**YOUR OBJECTIVE:**
Leave out the pictures, then output the lines of the records below from the first through the one containing "全国・愛知の平均値と比較して".

**Excerpts from a dataset:**
==============================

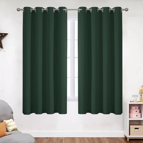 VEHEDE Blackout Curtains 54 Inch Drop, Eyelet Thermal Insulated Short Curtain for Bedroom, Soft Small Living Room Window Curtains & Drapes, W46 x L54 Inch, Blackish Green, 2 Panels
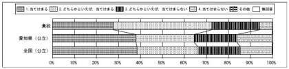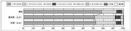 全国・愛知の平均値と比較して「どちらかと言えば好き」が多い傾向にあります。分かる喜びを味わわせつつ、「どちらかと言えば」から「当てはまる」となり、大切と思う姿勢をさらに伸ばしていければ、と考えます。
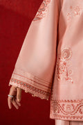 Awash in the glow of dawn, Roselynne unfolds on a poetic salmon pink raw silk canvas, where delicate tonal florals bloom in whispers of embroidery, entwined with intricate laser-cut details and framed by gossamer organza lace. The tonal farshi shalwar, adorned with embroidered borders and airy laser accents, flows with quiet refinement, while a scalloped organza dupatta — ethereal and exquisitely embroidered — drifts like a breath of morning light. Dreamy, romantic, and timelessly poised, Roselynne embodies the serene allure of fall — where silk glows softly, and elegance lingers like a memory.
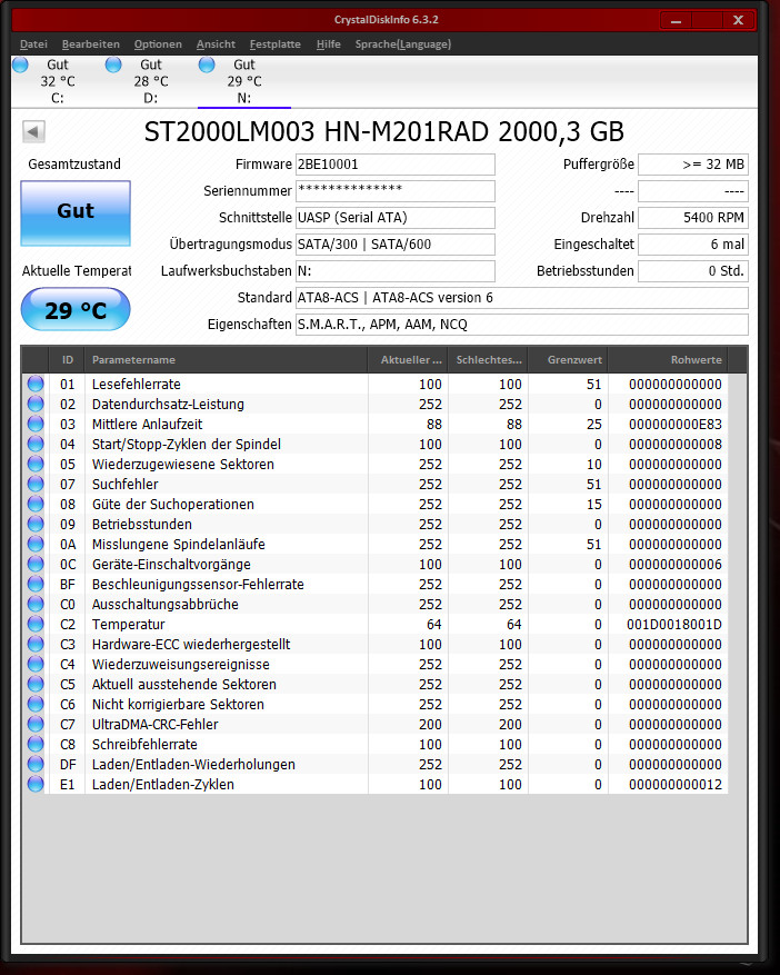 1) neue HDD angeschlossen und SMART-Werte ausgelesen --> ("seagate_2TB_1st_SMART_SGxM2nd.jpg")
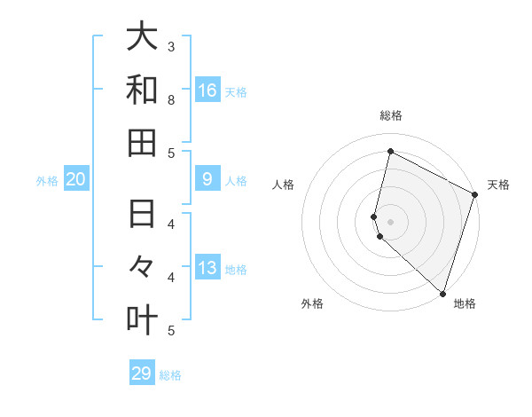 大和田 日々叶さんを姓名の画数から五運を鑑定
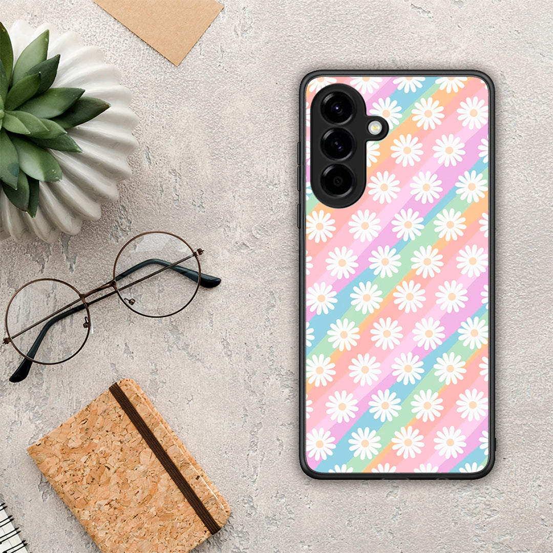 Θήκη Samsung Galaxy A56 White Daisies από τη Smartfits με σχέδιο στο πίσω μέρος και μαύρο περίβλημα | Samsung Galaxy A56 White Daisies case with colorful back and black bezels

==============================

**EXERCISE RESPONSE:**
 VEHEDE Blackout Curtains 54 Inch Drop, Eyelet Thermal Insulated Short Curtain for Bedroom, Soft Small Living Room Window Curtains & Drapes, W46 x L54 Inch, Blackish Green, 2 Panels
 全国・愛知の平均値と比較して「どちらかと言えば好き」が多い傾向にあります。分かる喜びを味わわせつつ、「どちらかと言えば」から「当てはまる」となり、大切と思う姿勢をさらに伸ばしていければ、と考えます。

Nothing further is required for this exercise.